ACTIVITY — Write every line of the material out exactly as shown.

RECORDS SHOWN —
____

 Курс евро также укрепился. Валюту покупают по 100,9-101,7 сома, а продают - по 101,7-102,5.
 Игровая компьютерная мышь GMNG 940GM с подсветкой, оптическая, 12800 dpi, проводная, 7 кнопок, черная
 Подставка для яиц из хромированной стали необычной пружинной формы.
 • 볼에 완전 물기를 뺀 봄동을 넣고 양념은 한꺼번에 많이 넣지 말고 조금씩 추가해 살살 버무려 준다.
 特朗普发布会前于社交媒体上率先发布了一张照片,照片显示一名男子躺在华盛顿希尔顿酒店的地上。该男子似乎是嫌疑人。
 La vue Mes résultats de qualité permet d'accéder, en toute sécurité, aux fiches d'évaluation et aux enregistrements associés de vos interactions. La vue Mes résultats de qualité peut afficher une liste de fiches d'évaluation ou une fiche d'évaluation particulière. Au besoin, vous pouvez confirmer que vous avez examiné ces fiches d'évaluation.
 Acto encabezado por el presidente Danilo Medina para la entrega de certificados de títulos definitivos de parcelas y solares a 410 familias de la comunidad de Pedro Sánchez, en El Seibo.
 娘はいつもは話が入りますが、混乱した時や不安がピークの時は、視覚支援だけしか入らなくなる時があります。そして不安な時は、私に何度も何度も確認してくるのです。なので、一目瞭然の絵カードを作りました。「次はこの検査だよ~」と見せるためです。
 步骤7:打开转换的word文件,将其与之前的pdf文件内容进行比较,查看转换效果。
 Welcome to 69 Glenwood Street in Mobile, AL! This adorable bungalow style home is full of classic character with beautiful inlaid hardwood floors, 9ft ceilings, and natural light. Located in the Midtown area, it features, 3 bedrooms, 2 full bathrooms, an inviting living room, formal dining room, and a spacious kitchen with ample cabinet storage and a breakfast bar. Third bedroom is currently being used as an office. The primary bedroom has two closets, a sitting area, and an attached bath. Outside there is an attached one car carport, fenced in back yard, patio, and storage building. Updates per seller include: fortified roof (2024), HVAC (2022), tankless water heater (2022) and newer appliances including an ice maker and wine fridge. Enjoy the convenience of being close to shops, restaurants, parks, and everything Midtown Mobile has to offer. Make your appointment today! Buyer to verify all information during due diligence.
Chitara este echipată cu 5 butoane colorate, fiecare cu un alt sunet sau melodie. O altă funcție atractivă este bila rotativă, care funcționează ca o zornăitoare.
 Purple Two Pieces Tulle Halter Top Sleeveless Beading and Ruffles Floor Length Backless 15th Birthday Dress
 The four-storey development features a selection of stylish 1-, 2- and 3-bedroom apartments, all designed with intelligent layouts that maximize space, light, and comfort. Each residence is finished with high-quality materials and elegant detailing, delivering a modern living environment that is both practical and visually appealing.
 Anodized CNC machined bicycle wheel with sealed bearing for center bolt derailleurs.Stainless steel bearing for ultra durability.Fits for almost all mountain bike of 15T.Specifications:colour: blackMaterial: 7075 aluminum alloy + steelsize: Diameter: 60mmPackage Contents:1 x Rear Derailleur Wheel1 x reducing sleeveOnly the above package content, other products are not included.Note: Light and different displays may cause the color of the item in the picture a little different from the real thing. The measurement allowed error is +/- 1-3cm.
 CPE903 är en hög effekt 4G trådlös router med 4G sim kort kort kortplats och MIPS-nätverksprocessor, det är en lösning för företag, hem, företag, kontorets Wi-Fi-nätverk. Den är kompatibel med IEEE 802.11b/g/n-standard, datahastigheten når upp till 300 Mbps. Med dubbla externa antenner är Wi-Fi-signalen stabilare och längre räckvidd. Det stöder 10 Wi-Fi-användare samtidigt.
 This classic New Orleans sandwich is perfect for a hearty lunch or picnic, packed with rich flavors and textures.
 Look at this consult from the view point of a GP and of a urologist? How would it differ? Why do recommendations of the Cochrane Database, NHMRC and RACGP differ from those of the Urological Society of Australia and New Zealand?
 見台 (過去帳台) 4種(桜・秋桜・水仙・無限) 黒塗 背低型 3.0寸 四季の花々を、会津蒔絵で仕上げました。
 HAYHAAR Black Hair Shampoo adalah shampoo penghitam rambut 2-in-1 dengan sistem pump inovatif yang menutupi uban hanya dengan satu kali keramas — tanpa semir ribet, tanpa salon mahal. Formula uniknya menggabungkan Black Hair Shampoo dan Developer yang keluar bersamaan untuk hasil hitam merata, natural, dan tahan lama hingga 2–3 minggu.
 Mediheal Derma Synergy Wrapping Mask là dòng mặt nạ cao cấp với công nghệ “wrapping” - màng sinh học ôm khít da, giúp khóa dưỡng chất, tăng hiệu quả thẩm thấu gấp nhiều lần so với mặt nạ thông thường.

____

OUTPUT OF THE EXERCISE —
 Курс евро также укрепился. Валюту покупают по 100,9-101,7 сома, а продают - по 101,7-102,5.
 Игровая компьютерная мышь GMNG 940GM с подсветкой, оптическая, 12800 dpi, проводная, 7 кнопок, черная
 Подставка для яиц из хромированной стали необычной пружинной формы.
 • 볼에 완전 물기를 뺀 봄동을 넣고 양념은 한꺼번에 많이 넣지 말고 조금씩 추가해 살살 버무려 준다.
 特朗普发布会前于社交媒体上率先发布了一张照片,照片显示一名男子躺在华盛顿希尔顿酒店的地上。该男子似乎是嫌疑人。
 La vue Mes résultats de qualité permet d'accéder, en toute sécurité, aux fiches d'évaluation et aux enregistrements associés de vos interactions. La vue Mes résultats de qualité peut afficher une liste de fiches d'évaluation ou une fiche d'évaluation particulière. Au besoin, vous pouvez confirmer que vous avez examiné ces fiches d'évaluation.
 Acto encabezado por el presidente Danilo Medina para la entrega de certificados de títulos definitivos de parcelas y solares a 410 familias de la comunidad de Pedro Sánchez, en El Seibo.
 娘はいつもは話が入りますが、混乱した時や不安がピークの時は、視覚支援だけしか入らなくなる時があります。そして不安な時は、私に何度も何度も確認してくるのです。なので、一目瞭然の絵カードを作りました。「次はこの検査だよ~」と見せるためです。
 步骤7:打开转换的word文件,将其与之前的pdf文件内容进行比较,查看转换效果。
 Welcome to 69 Glenwood Street in Mobile, AL! This adorable bungalow style home is full of classic character with beautiful inlaid hardwood floors, 9ft ceilings, and natural light. Located in the Midtown area, it features, 3 bedrooms, 2 full bathrooms, an inviting living room, formal dining room, and a spacious kitchen with ample cabinet storage and a breakfast bar. Third bedroom is currently being used as an office. The primary bedroom has two closets, a sitting area, and an attached bath. Outside there is an attached one car carport, fenced in back yard, patio, and storage building. Updates per seller include: fortified roof (2024), HVAC (2022), tankless water heater (2022) and newer appliances including an ice maker and wine fridge. Enjoy the convenience of being close to shops, restaurants, parks, and everything Midtown Mobile has to offer. Make your appointment today! Buyer to verify all information during due diligence.
Chitara este echipată cu 5 butoane colorate, fiecare cu un alt sunet sau melodie. O altă funcție atractivă este bila rotativă, care funcționează ca o zornăitoare.
 Purple Two Pieces Tulle Halter Top Sleeveless Beading and Ruffles Floor Length Backless 15th Birthday Dress
 The four-storey development features a selection of stylish 1-, 2- and 3-bedroom apartments, all designed with intelligent layouts that maximize space, light, and comfort. Each residence is finished with high-quality materials and elegant detailing, delivering a modern living environment that is both practical and visually appealing.
 Anodized CNC machined bicycle wheel with sealed bearing for center bolt derailleurs.Stainless steel bearing for ultra durability.Fits for almost all mountain bike of 15T.Specifications:colour: blackMaterial: 7075 aluminum alloy + steelsize: Diameter: 60mmPackage Contents:1 x Rear Derailleur Wheel1 x reducing sleeveOnly the above package content, other products are not included.Note: Light and different displays may cause the color of the item in the picture a little different from the real thing. The measurement allowed error is +/- 1-3cm.
 CPE903 är en hög effekt 4G trådlös router med 4G sim kort kort kortplats och MIPS-nätverksprocessor, det är en lösning för företag, hem, företag, kontorets Wi-Fi-nätverk. Den är kompatibel med IEEE 802.11b/g/n-standard, datahastigheten når upp till 300 Mbps. Med dubbla externa antenner är Wi-Fi-signalen stabilare och längre räckvidd. Det stöder 10 Wi-Fi-användare samtidigt.
 This classic New Orleans sandwich is perfect for a hearty lunch or picnic, packed with rich flavors and textures.
 Look at this consult from the view point of a GP and of a urologist? How would it differ? Why do recommendations of the Cochrane Database, NHMRC and RACGP differ from those of the Urological Society of Australia and New Zealand?
 見台 (過去帳台) 4種(桜・秋桜・水仙・無限) 黒塗 背低型 3.0寸 四季の花々を、会津蒔絵で仕上げました。
 HAYHAAR Black Hair Shampoo adalah shampoo penghitam rambut 2-in-1 dengan sistem pump inovatif yang menutupi uban hanya dengan satu kali keramas — tanpa semir ribet, tanpa salon mahal. Formula uniknya menggabungkan Black Hair Shampoo dan Developer yang keluar bersamaan untuk hasil hitam merata, natural, dan tahan lama hingga 2–3 minggu.
 Mediheal Derma Synergy Wrapping Mask là dòng mặt nạ cao cấp với công nghệ “wrapping” - màng sinh học ôm khít da, giúp khóa dưỡng chất, tăng hiệu quả thẩm thấu gấp nhiều lần so với mặt nạ thông thường.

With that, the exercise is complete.